In the UK, the challenge remains how to take credit unions to scale. Part of the Desjardins model is being considered in the UK under the credit union modernisation project that the Department for Work and Pensions has funded. What has not yet been created is a similar front-facing offer—a common brand with an extensive common marketing offer and agreement on common products. Co-operatives are often fiercely independent, but I wonder whether it is time for an attempt to be made to bring credit unions together, at least on a regional basis, to fund for a number of years the common front-facing offer that is needed. Clearly, flexibility would be needed so that individual credit unions did not lose their identity or power. Why could not the Mayor of London, perhaps working with the Church of England, consider such an operation to help London’s credit unions grow in membership and number?

The last point that I want to raise is about London Welsh rugby club. I have recently written to Alex Chisholm, the chief executive of the Competition and Markets Authority, about the fact that London Welsh, newly promoted to the premiership this year, get just £1.5 million in subsidy whereas other premiership rugby clubs get more than £4 million.

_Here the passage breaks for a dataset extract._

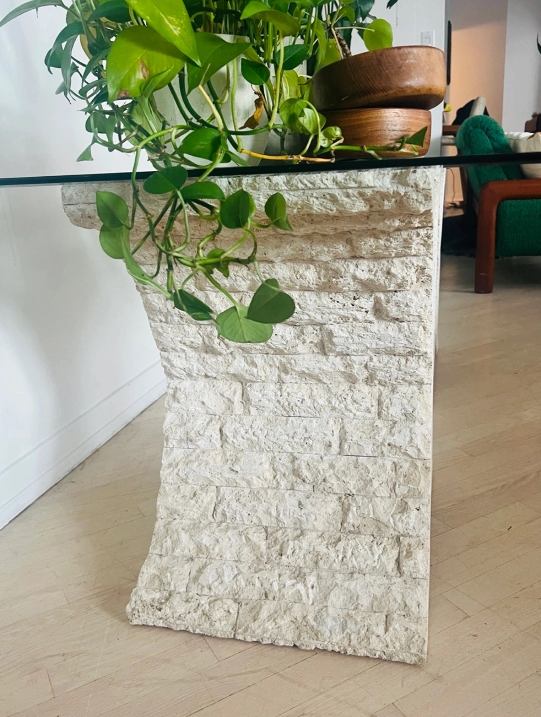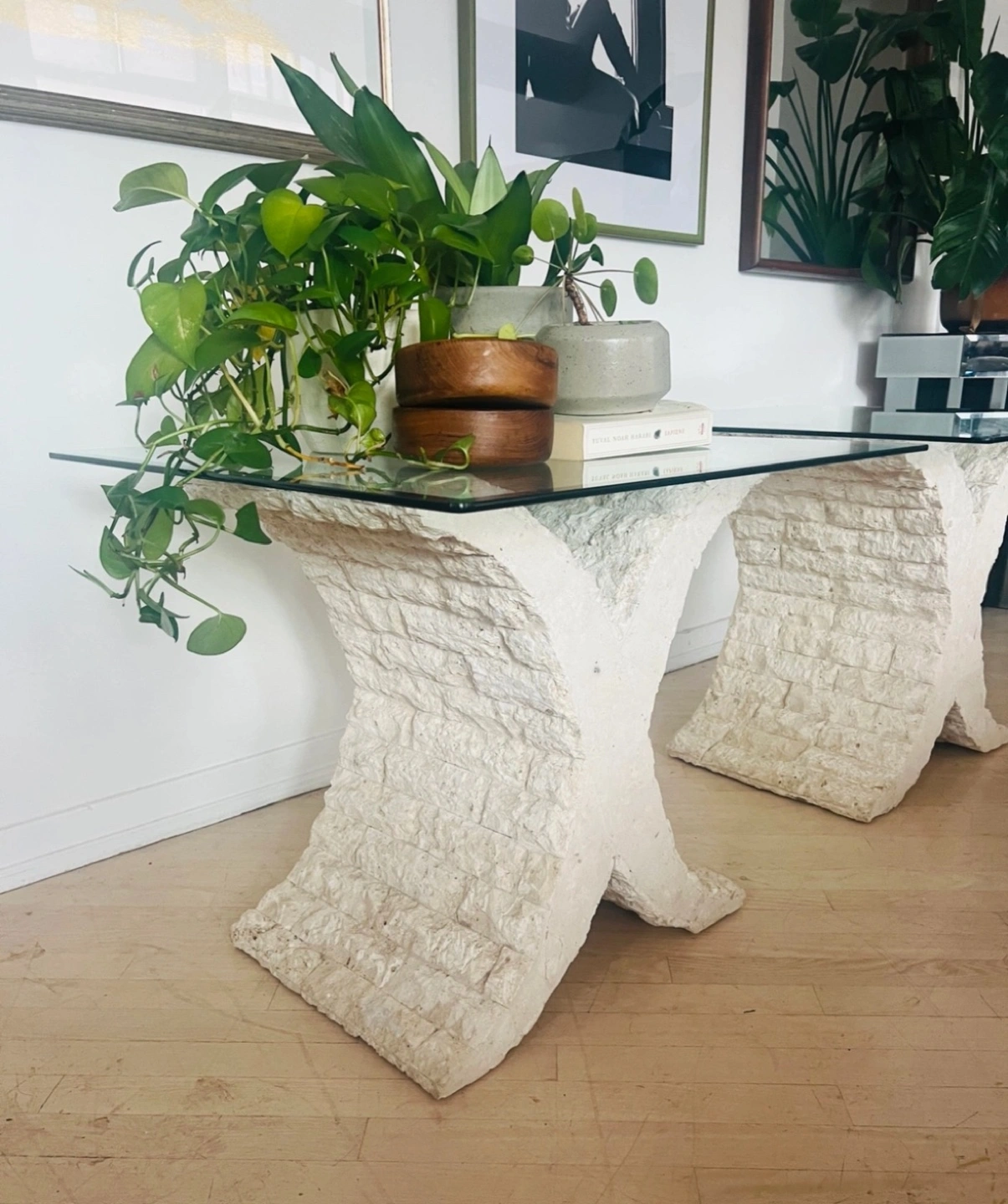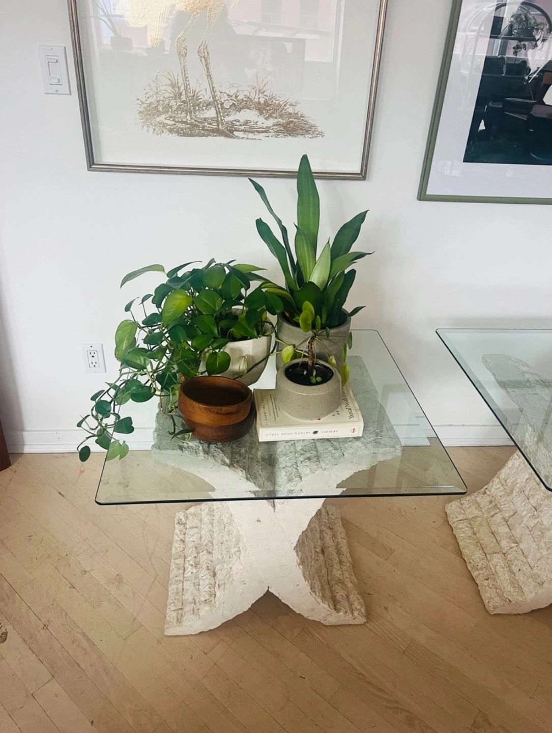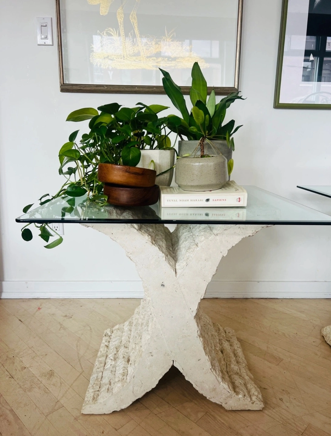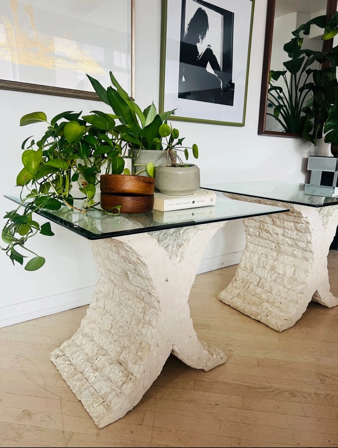 Pair of unique coffee tables with glass tops and white textured bases. Tessellated Stone Side Tables 🌿 GORGEOUS Cream Travertine Heavy tempered glass top with Bevelled edge - A total ‘CB2’ Look Price is for 1 28”x28”x24”h

Inevitably, the premiership is a rigged market as a result, always making it harder for newly promoted clubs to compete with more established clubs on an equal basis.

Talks are in progress between London Welsh and Premiership Rugby, but I hope that Mr Chisholm from the CMA might be willing to use his good offices, following the letter that I have written to him, to which I hope the shadow Deputy Leader of the House might encourage a quick response, to encourage Premiership Rugby to see sense and sort out the huge imbalance in funding.